Day: I wouldn’t argue with you on that point; in fact, I think you can make a stronger case for it. At the time when he attempts to contact and influence his brother Eric, the spell actually works, and then he’s thrown out, and he’s actually burned on his hand from the attempt to contact him.

Sandifer: Right. There’s this sense that there is a physical aspect.

Day: And it also physically threw him back.

Sandifer: Right, and obviously the book is engaged in a very careful dance of making sure there’s nothing that is impossible within it. You certainly can account for everything as coincidence, and that’s just the point where Frank is holding his hand too close to the fire and starts to burn, but the book does create this…

Day: No, but you can’t explain… I mean, you could explain it as he’s delusional, or imagining it, but the fact that he’s physically thrown out of the room after being thrown out of Eric’s mind, I think that that’s a physical… You know, maybe it’s Banks slipping up. I don’t think so, I think the magic actually works.
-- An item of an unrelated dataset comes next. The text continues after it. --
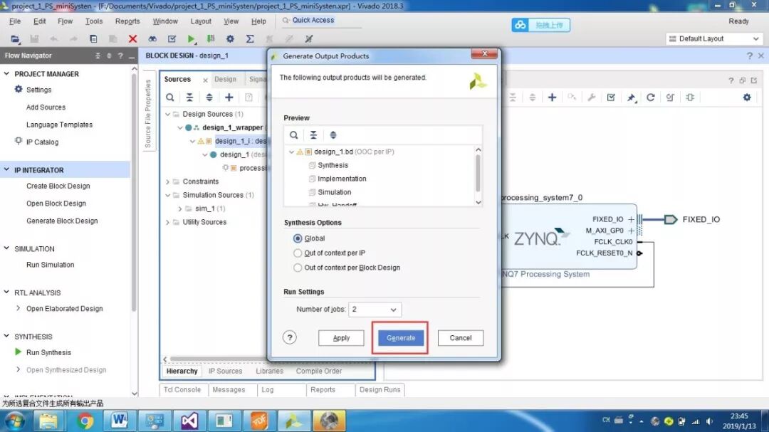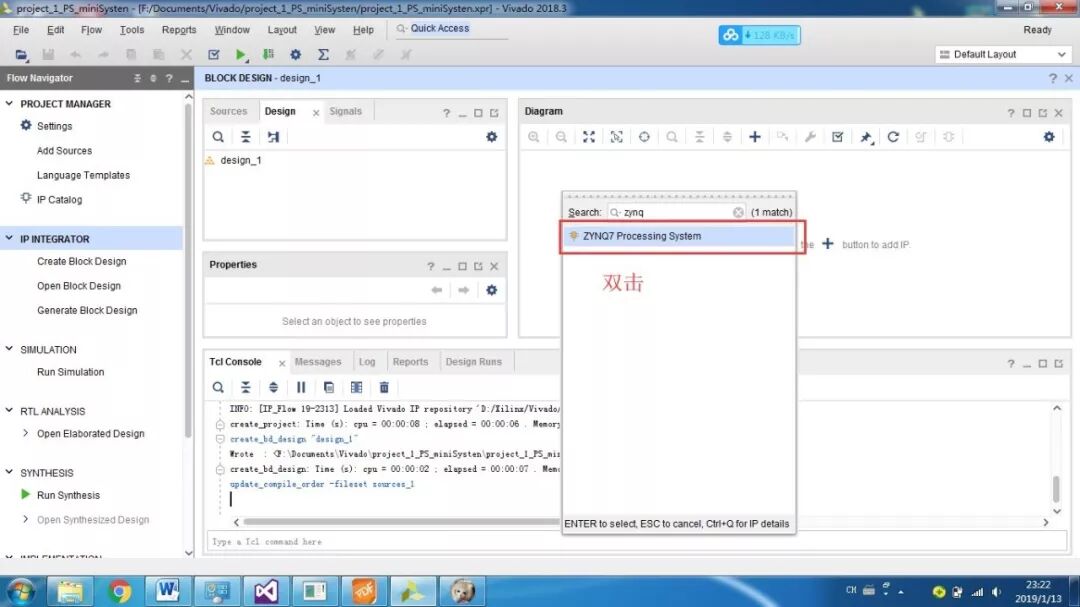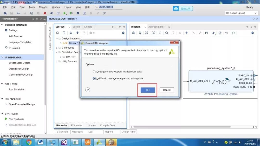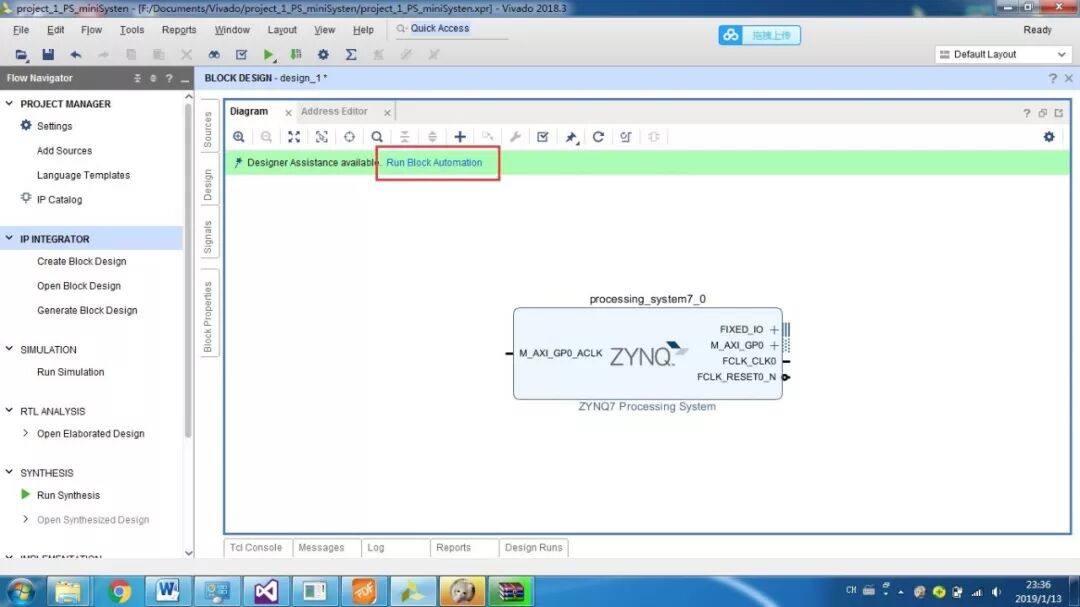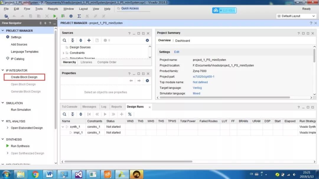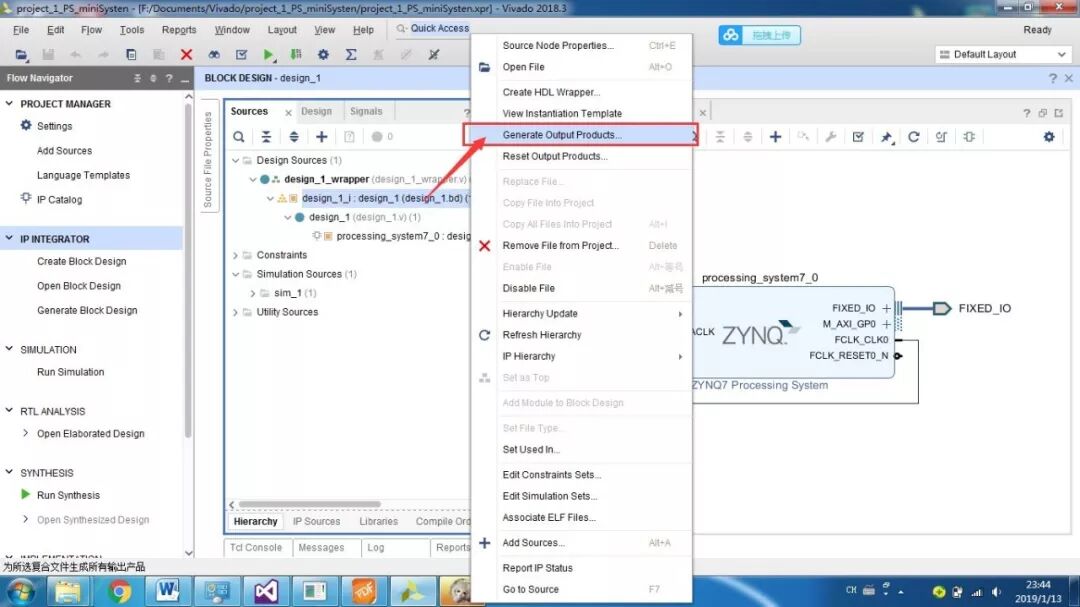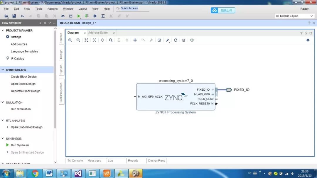 PS即为Processor System,为Zynq 7000中内嵌的ARM-A9硬核,为了测试系统是否运行,我们加入串口打印hello world。首先还是新建一个工程,然后添加文件,设计,综合,实现,生成。

Sandifer: Alright. I would be perfectly willing, given how Frank is an unreliable narrator, [11] to take that as semi-delusional, but if you want to certainly argue that the magic actually works, I think that’s a more interesting book in a couple of ways, so I’ll certainly accept that. In which case, yeah, I like the way in which Banks creates a magical system as detailed and nuanced as any I’ve seen in any work of fantasy, incredibly symbolically rich. It feels like there’s this huge amount of symbolism and depth to this mythology, and it comes out of just this remote little Scottish island. I love that sense of depth in a small, mundane place like that.

Day: Well, I have to say that I also appreciate the magic system. I’m not convinced that it is as meaningful in the symbological sense or in the semiotic sense as you’re suggesting. But that’s not a criticism, I’m just saying I don’t know – if there are semiotics there, if there are important symbols there, I don’t know what they are.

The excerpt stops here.